July belongs to AAU basketball players. This month, college recruiters will crisscross the country in search of talent, traveling to tournaments in Las Vegas and even small towns in Tennessee and Georgia trying to find the next Derrick Rose or Candace Parker.
For girls, the Chicago area’s biggest AAU tournament starts Sunday with the Nike Summer Showcase, based out of the Elgin City Centre, a downtown park district facility just a few blocks away from the Grand Victoria casino.
These events are regulated by the NCAA. Recruiters are required to watch AAU games from a balcony or an area separated from fans and players. Coaches cannot make contact during this period.
Last summer, I learned that each player is required to watch a video provided by the NCAA. It’s called an NCAA Basketball Certification Video. According the NCAA’s website, players will be seeing a new video called “Smart Play Wins” for the first time.
I couldn’t help but think about Rose while watching last year’s video, the seven-minute film, “Your Game Plan.” The video is designed to scare the bejeezus out of prospects, but I doubt Rose saw it.
Recruiters are allowed to evaluate prospects for a 20-day period during the month. Attendance is required at the video session. A volunteer checks off names from each roster. The same volunteer starts the DVD several times during the day as different groups of players watch the video after their games. Players usually watch the film in the first couple of days of the tournament.
Since many players attend three to four tournaments during the month, there is a good chance they will have already seen the video or another one like it.
At one of the Nike Summer Showcase’s venues, the Ackerman Fitness and Sports Center in Glen Ellyn, players trudged up the stairs to a second-floor meeting room where about 20 folding chairs in three rows were set up in the direction of a small television set mounted in the corner. When there were more than two or three athletes in the room, the volunteer would press play on the DVD player.
I always enjoy a good movie, so I sat in the back during one of the screenings for “Your Game Plan.” The video is hosted by television basketball analysts Gus Johnson and Beth Mowis.
Johnson and Mowis take athletes through an Xs and Os-inspired plan of three ‘Plays’: 1) Use Your Head; 2) Be an Amateur; and 3) Keep it Clean. Use Your Head advises athletes to avoid cheating, especially when it comes to academics and the ACT and SAT exams. Be an Amateur warns athletes: “Do not take money, gifts or benefits or sign anything. Don’t play for money.” Keep it Clean addresses sportsmanship, drug and alcohol prevention and gambling on sports brackets with friends.

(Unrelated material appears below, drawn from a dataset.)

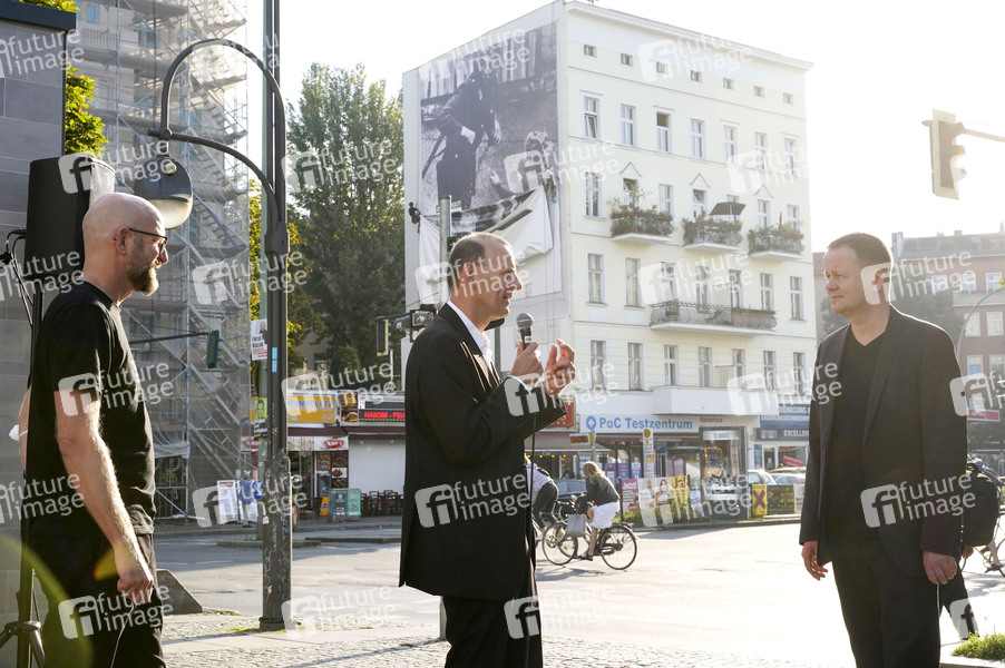 Moritz van Dülmen, Axel Klausmeier und Klaus Lederer bei der Installation eines Großfotos zum 60. Jahrestag des Mauerbaus von Kulturprojekte Berlin und der Stiftung Berliner Mauer am Hermannplatz. Berlin, 13.08.2021
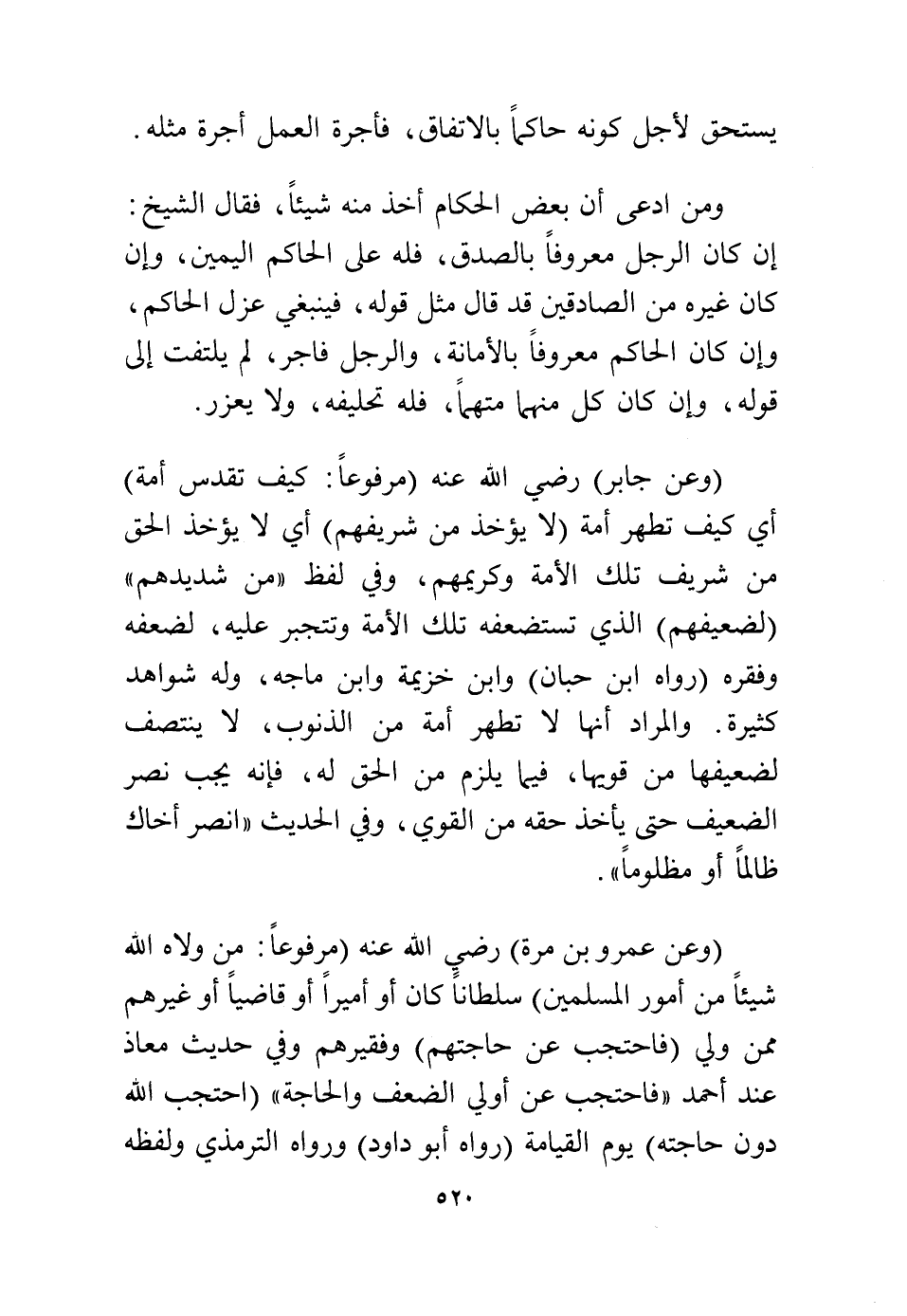 (وعن جابر) رضي الله عنه (مرفوعًا: كيف تقدس أمة) أي كيف تطهر أمة (لا يؤخذ من شريفهم) أي لا يؤخذ الحق من شريف تلك الأمة وكريمهم وفي لفظ: " من شديدهم" (لضعيفهم) الذي تستضعفه تلك الأمة وتتجبر عليه لضعفه وفقره (رواه ابن حبان) وابن خزيمة وابن ماجه، وله شواهد كثيرة، والمراد أنها لا تطهر أمة من الذنوب، لا ينتصف لضعيفها من قويها فيما يلزم من الحق له، فإنه يجب نصر الضعيف حتى يأخذ حقه من القوي، وفي الحديث: "انصر أخاك ظالمًا أو مظلومًا".

The video is spliced with several highlights from NCAA Final Four games for men and women.
“It gives a lot of good information if you need to get a good college scholarship,” Wheeling senior guard Kellie Kuzmanic said. “I’ve seen it a hundred times. Sometimes it’s different. As long as I get to play, (I watch the video).”
I would like to believe women’s basketball recruiting is much “cleaner” than men’s basketball. But I shouldn’t be shocked if a program lands into trouble. Rose’s cheating scandal involving his SAT exam has already resulted in NCAA infractions and forfeits against Memphis, where he played in only one season.